P.D. Aprovecho y hago una pregunta a nuestro amigo Gato:



> Quien camina junto al cojo, llega siempre atrasado.


 
¿Este dicho de dónde es?


----------



## 0scar

De la misma línea es el "_Mejor solo que mal acompañado_"


----------



## la italianilla

Buon pomeriggio a tutti! Anzitutto vi ringrazio tantissimo per tutti i tentativi di traduzione! 
La questione del "Meglio soli che mal accompagnati" sta nel fatto che lo stesso proverbio è presente anche in italiano. E comunque - almeno secondo il mio umile parere - il significato con cui si usa "chi fa da sé fa per tre" (la mia seconda spiegazione nel mio primo messaggio) è davvero vicino a questa accezione. Invece per quanto concerne le altre traduzioni, mi limito a ringraziarvi visto la maggior parte erano a me sconosciute  
Stavo pensando che forse non esiste una traduzione proprio esatta, cioè a mo' di frase fatta o proverbio...

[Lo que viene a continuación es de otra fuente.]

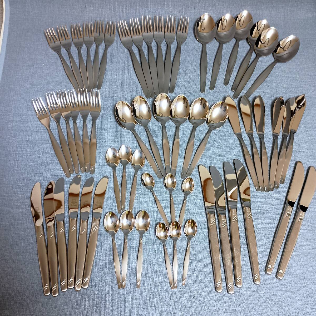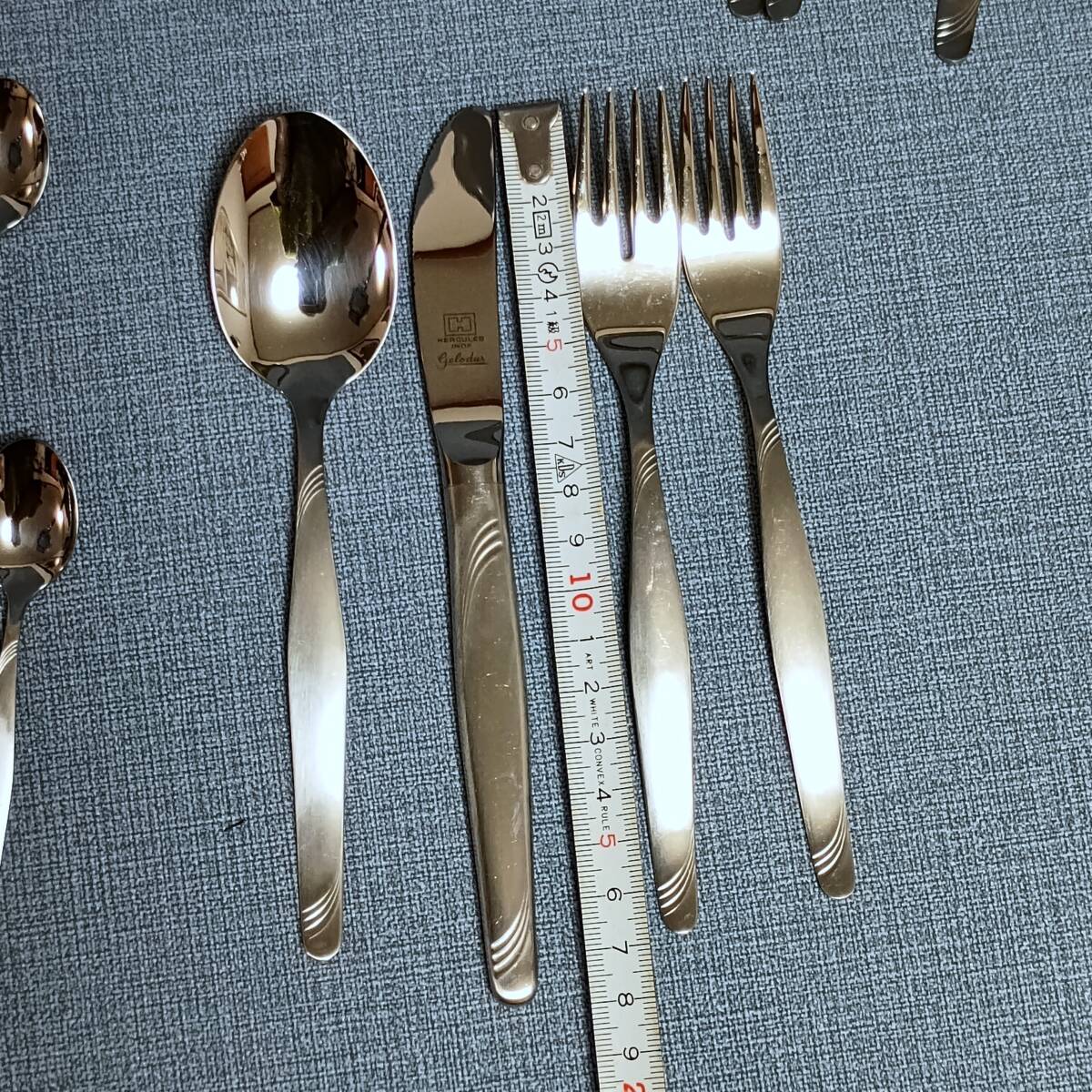 ●高品質なHERCULES INOX製の18-8ステンレスカトラリーセット 6本セットX10組 未使用ですが一部に保管時の傷あります ケースはございません ●1枚目の写真がすべてです 傷がつきにくいように、2本づつポリ袋に入れてお送りします - セット内容: フォーク、スプーン、ナイフのフルセット - ブランド: HERCULES INOX - 素材: ステンレススチール(Geldur) - 型番: 18-8

De todas formas muchas gracias a todos por partecipar


----------



## gatogab

Antpax said:


> P.D. Aprovecho y hago una pregunta a nuestro amigo Gato:
> 
> ¿Este dicho de dónde es?


 
Delirio de una noche de verano, Ant.
gg


----------



## Antpax

gatogab said:


> Delirio de una noche de verano, Ant.
> gg


 
Ahhhhh, vale. O sea que es del estilo "ojos que no ven, hostiazo que te metes" ¿no?.

Saludos.

Ant


----------



## gatogab

Antpax said:


> Ahhhhh, vale. O sea que es del estilo "ojos que no ven, hostiazo que te metes" ¿no?.
> 
> Saludos.
> 
> Ant


Precisamente
 gg


----------